Задолго до того, как поднялись Деспоина и ее одурманенные вином франкские гости, графиня Корфу вызвала носилки и эскорт стражников. Не оставив во дворце Бардас никаких следов своих намерений, она, уставшая и измученная, с отяжелевшим взглядом, распорядилась унести себя в час, когда еще заспанные и зевающие лавочники только открывают свои палатки, а изнуренные трудом уборщики улиц сгребают отовсюду мусор и отбросы.

– В Приморский дворец. И без лишнего шума, – повелела Сибилла старшему над наемниками.

Раскинувшись на подушках в носилках, Сибилла прислушивалась к щелканью бичей, ударами которых стражники расчищали проход через толпу крестьян и мелких торговцев, направлявшихся к торговым рядам Константинополя.

Чувство удовольствия наполнило ее, едва занавески носилок ритмично закачались в такт шагам дюжих нубийских носильщиков, отобранных за их большой рост и широкую поступь.

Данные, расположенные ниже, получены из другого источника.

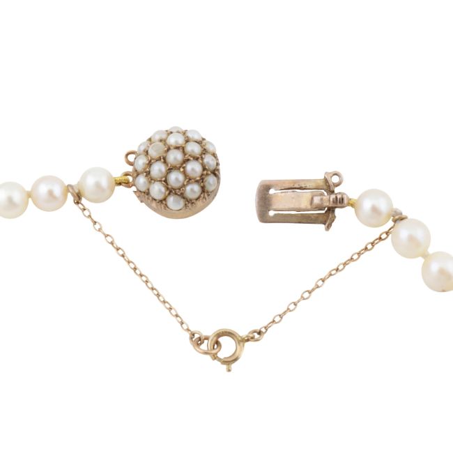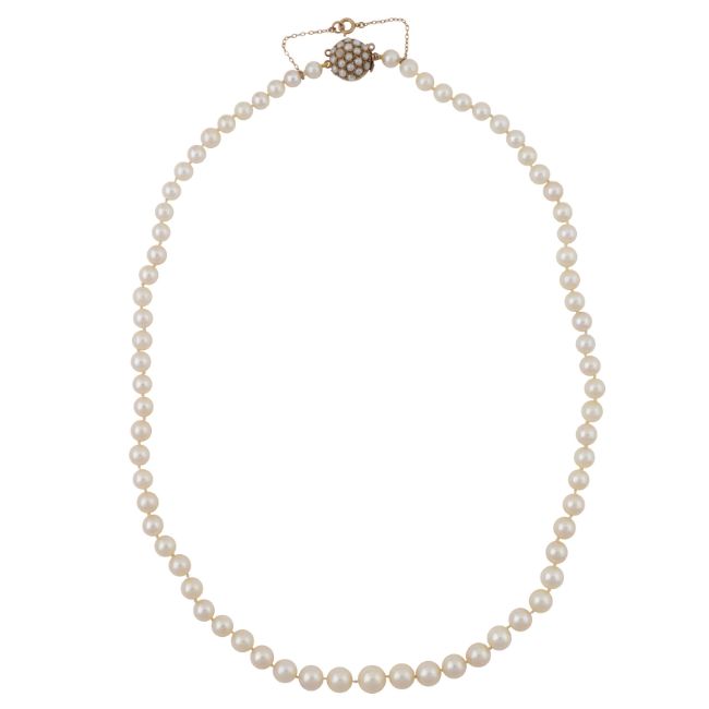 Set with 5.1-8.3mm graduated round and near-round pearls of white tint with yellow and gray overtones, to a pearl-set circular box clasp and safety chain, mounted in yellow metal, stamped 9Ct, length 52.0cm, total gross weight 29.6grs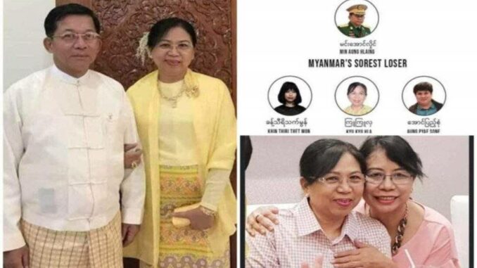 စစ်ကောင်စီရဲ့ မိသားစုဝင်တွေကတော့(၁) ဒေါ်ကြူကြူလှ (ဗိုလ်ချုပ်မှူးကြီး မင်းအောင်လှိုင်ဇနီး)၊(၂) ဒေါ်သန်းသန်းနွယ် (ဒုတိယဗိုလ်ချုပ်မှုးကြီး စိုးဝင်း ဇနီး)၊(၃) ဒေါ်သက်သက်အောင် ( ဗိုလ်ချုပ်မြထွန်းဦးဇနီး)၊(၄) ဒေါ်သန်းသန်းအေး (တင်အောင်စန်း ဇနီး)၊(၅) ဒေါ်အောင်မာမြင့် (ဗိုလ်ချုပ်ကြီးမောင်မောင်ကျော် ဇနီး)၊(၆) ဒေါ်ခိုင်ပပချစ် (ဗိုလ်ချုပ်ကြီးမိုးမြင့်ထွန်း ဇနီး)၊(၇) မိုးထက်ထက်ထွန်း (ဗိုလ်ချုပ်ကြီးမိုးမြင့်ထွန်း သမီး)၊(၈) ခိုင် မိုးမြင့် (ဗိုလ်ချုပ်ကြီးမိုးမြင့်ထွန်း သမီး)၊(၉) ရတနာမိုးမြင့် (ဗိုလ်ချုပ်ကြီးမိုးမြင့်ထွန်း သမီး)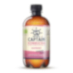 Frisk kombucha med smak av hallon. Bryggd i Portugal på ekologiskt grönt te, rörsocker och levande bakteriekultur. Lätt kolsyrad och uppfriskande. Perfekt som måltidsdryck eller när du vill ha något gott och fräscht i vardagen.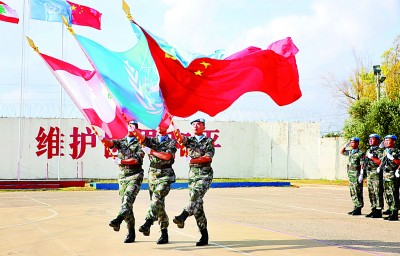 这是二○一六年五月二十三日,在黎巴嫩南部辛尼亚村,中国赴黎巴嫩维和部队士兵举着中国国旗、联合国旗帜和黎巴嫩国旗参加中国第十五批与第十四批赴黎巴嫩维和部队的轮换交接仪式。新华社发
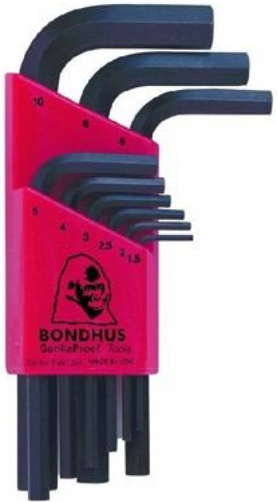 9 dílná sada imbusových klíčů Rozměry: 1,27mm, 1,5mm, 2mm, 2,5mm, 3mm, 4mm, 5mm, 6mm, 8mm, 10mm. Klíče jsou vyrobeny z oceli Protanium, která je až o 20% pevnější než běžné druhy oceli. Sada je opatřena pouzdrem Bondhex. Každý klíč a pole sady je označeno rozměrem, což umožňuje rychlé, pevné a bezpečné uložení každého klíče. Klíče jsou v pouzdru uzamčeny pootočením, což brání jejich uvolnění. Pouzdro lze použít i při šroubování ke zvětšení páky.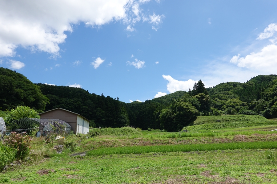 ここが登山口です。 右側の畑の土手を歩いていきます。 |
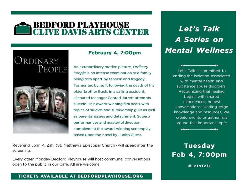 Don’t miss the upcoming screening of the award-winning and extraordinary film, Ordinary People on Tuesday, Feb. 4. at 7 pm at the @BedfordPlayHse.
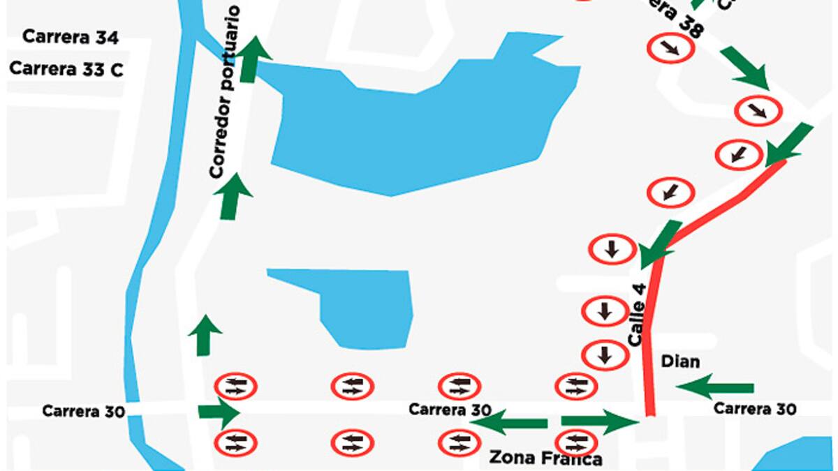 La única vía disponible para salir de la zona portuaria es la carrera 30. Movilidad advirtió que está prohibido el estacionamiento sobre las vías, por lo que la Policía de Tránsito podrá aplicar sanciones.

Мария из племени аланов , любимая наложница Алексея Комнина, вряд ли могла выехать из дворца в такое раннее утро. Мария, которую Алексей Комнин узурпировал вместе с короной у бездарного поэта-императора Никифора Третьего, была хороша, как Елена Прекрасная, и по выразительности черт превосходила статую Венеры из слоновой кости, которая некогда украшала Пантеон в императорском Риме.

Но что самое удивительное, Марию, по слухам, не только терпела императрица Ирина, но ласково принимала не по годам развитая и образованная дочь императора Анна. В свои четырнадцать лет она вела летопись не только царствования своего отца, но и пребывания франкских крестоносцев на их земле.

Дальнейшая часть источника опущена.